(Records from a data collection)
※

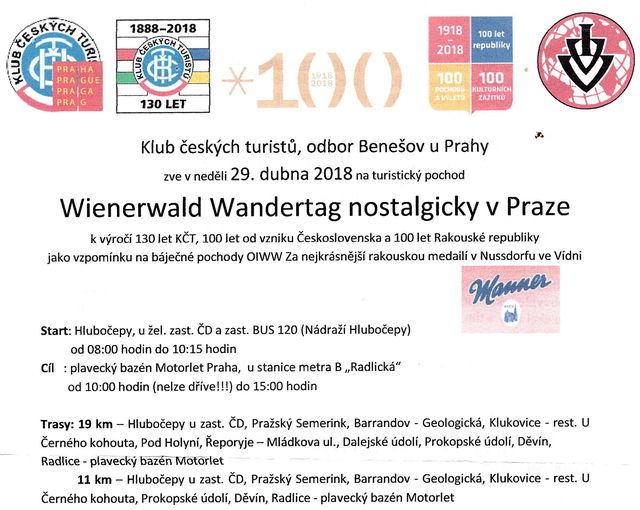 KČT, odbor Benešov u Prahy pořádal turistický pochod k výročí 130 let Klubu českých turistů, 100 let od vzniku Československa a 100 let Rakouské republiky jako vzpomínku na báječné pochody OIWW Za nejkrásnější rakouskou medailí v Nußdorfu ve Vídni
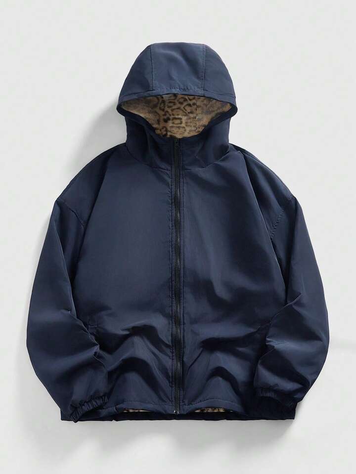 Casual Veste à capuche décontractée et ample réversible avec fermeture éclair pour hommes
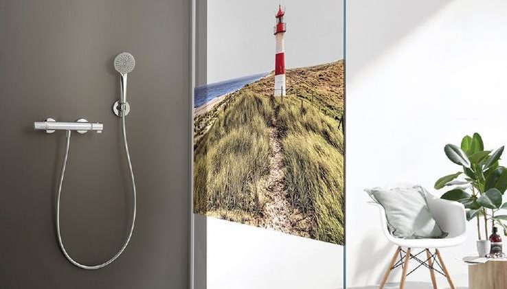 Bunter Motivdruck als Sichtschutz in der Walk-in Dusche – auf beiden Seiten gleich schön
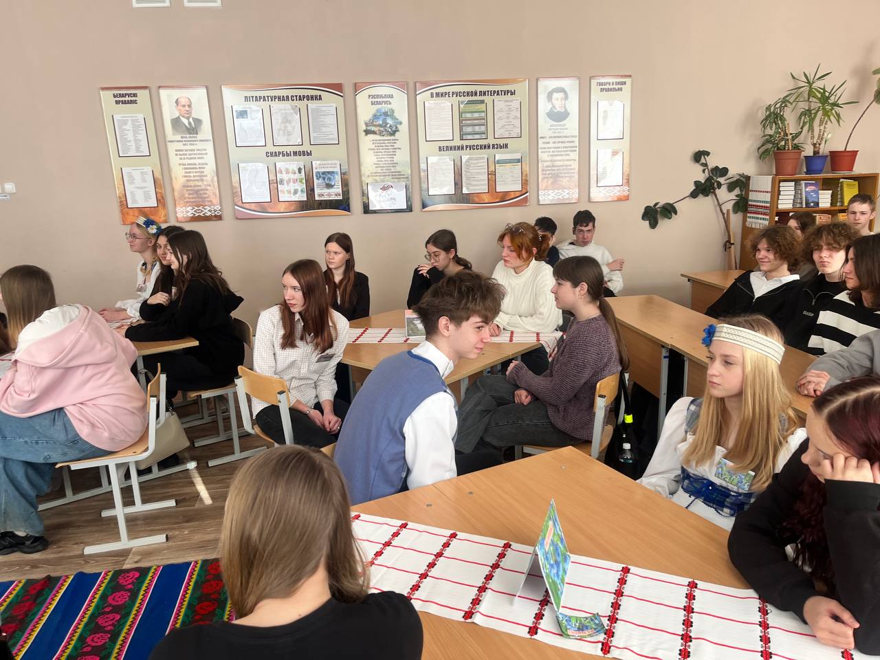 Навучэнцы праверылі свае веды, напісаўшы дыктоўку "Роднае слова". У кабінеце беларускай мовы была арганізавана падборка выказванняў знакамітых пісьменнікаў, якія натхнялі на вывучэнне і захаванне роднай мовы.
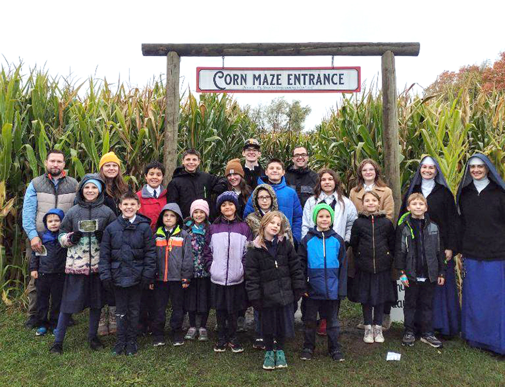 The first quarter was a busy one for St. Philomena’s Academy in Middleville, Michigan. Activities included the All Saints’ Day celebration (top), and a visit to a corn maze.

※

● **What the task requires**: Repeat, word for word and with no pictures, only the lines running from the beginning of the data to the line that contains "Casual Veste à".

● **Written answer**:
 KČT, odbor Benešov u Prahy pořádal turistický pochod k výročí 130 let Klubu českých turistů, 100 let od vzniku Československa a 100 let Rakouské republiky jako vzpomínku na báječné pochody OIWW Za nejkrásnější rakouskou medailí v Nußdorfu ve Vídni
 Casual Veste à capuche décontractée et ample réversible avec fermeture éclair pour hommes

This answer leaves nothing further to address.